#### Exercise
Reproduce the entire listing exactly as written, apart from its pictures.

──────── Given data

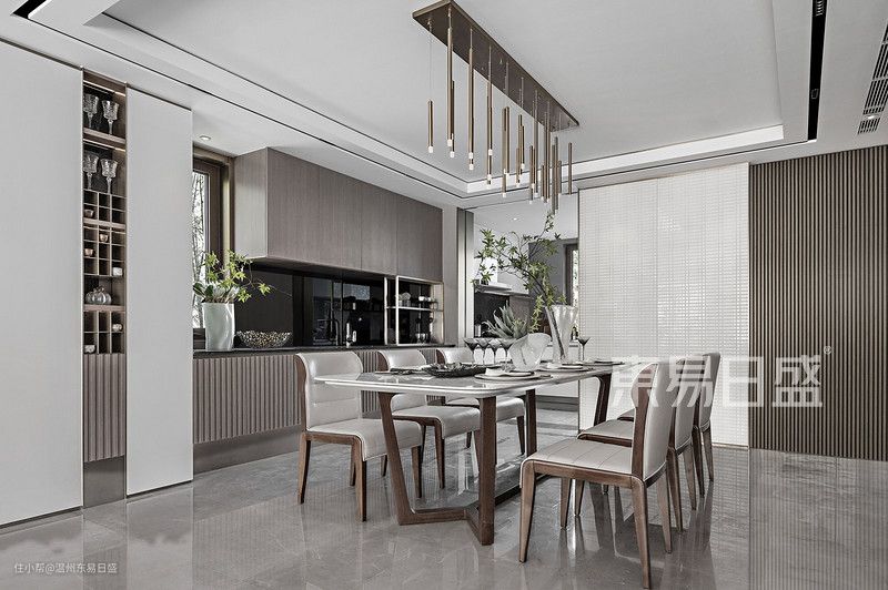 新中式风格餐厅将传统元素与现代设计巧妙融合。白色餐桌与餐具,彰显简约大气;绿色植物点缀其间,增添生机与雅致。吧台与椅子则传承中式精髓,尽显新中式韵味。
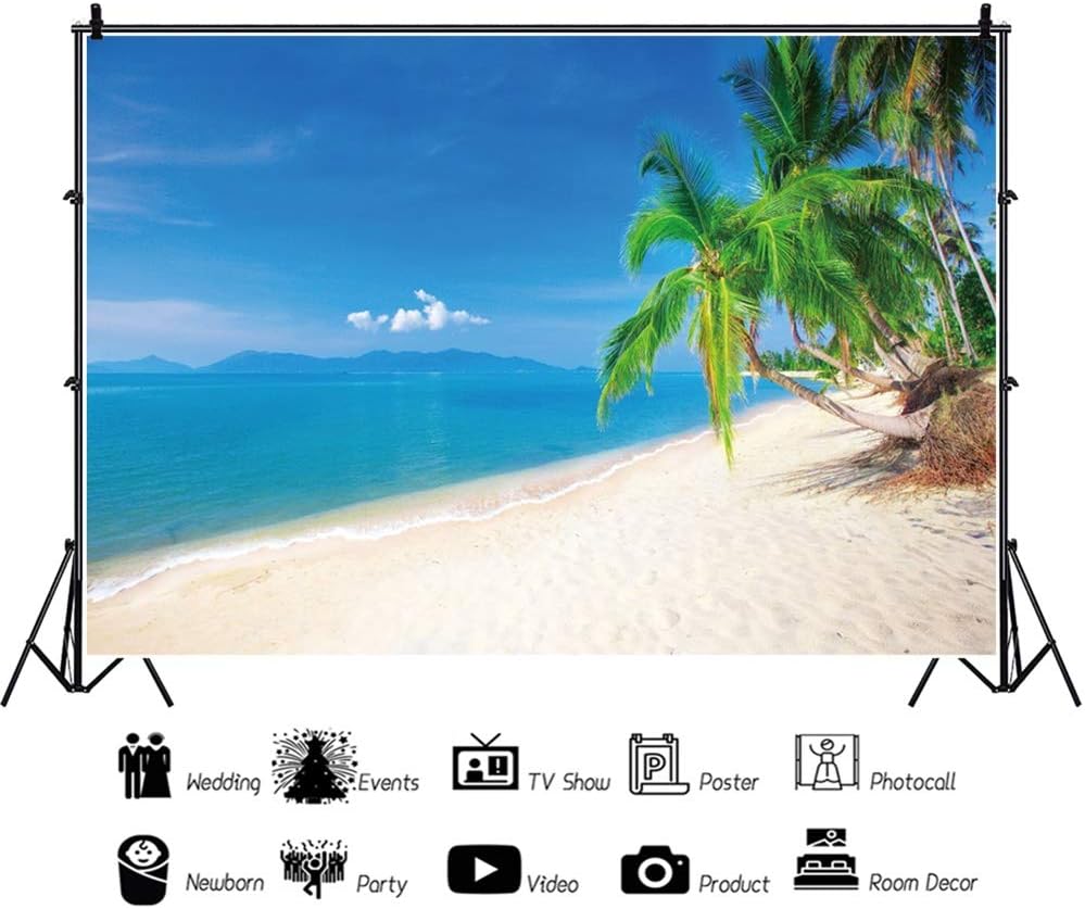 Laeacco 8x6 5ft Tropical Beach Background White Sand Palm Trees Blue Sea Clear Sky Distant Hills Backdrop Tropic Tour Shore Party Sun Tanning Baby Shower Birthday Backdrop Photo Shoot Props Vinyl Photo Backgrounds
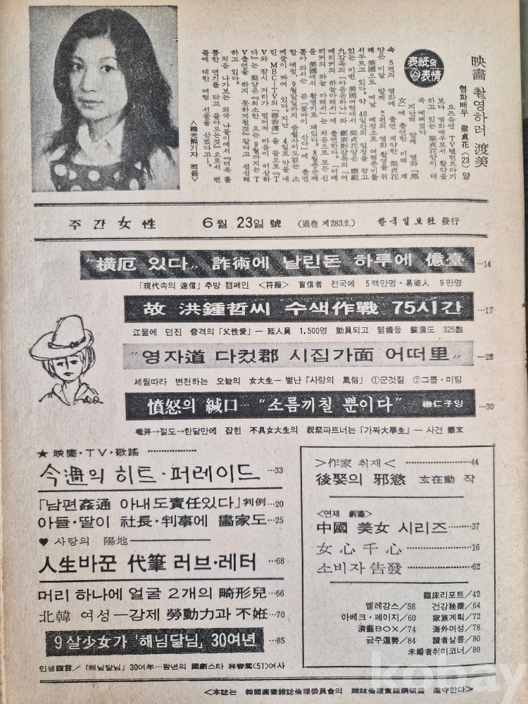 [희귀 근대사 자료] [주간 여성] / 1974.6.23일 / 표지 탤런트 양정화

────────────────

#### Response for this exercise
 新中式风格餐厅将传统元素与现代设计巧妙融合。白色餐桌与餐具,彰显简约大气;绿色植物点缀其间,增添生机与雅致。吧台与椅子则传承中式精髓,尽显新中式韵味。
 Laeacco 8x6 5ft Tropical Beach Background White Sand Palm Trees Blue Sea Clear Sky Distant Hills Backdrop Tropic Tour Shore Party Sun Tanning Baby Shower Birthday Backdrop Photo Shoot Props Vinyl Photo Backgrounds
 [희귀 근대사 자료] [주간 여성] / 1974.6.23일 / 표지 탤런트 양정화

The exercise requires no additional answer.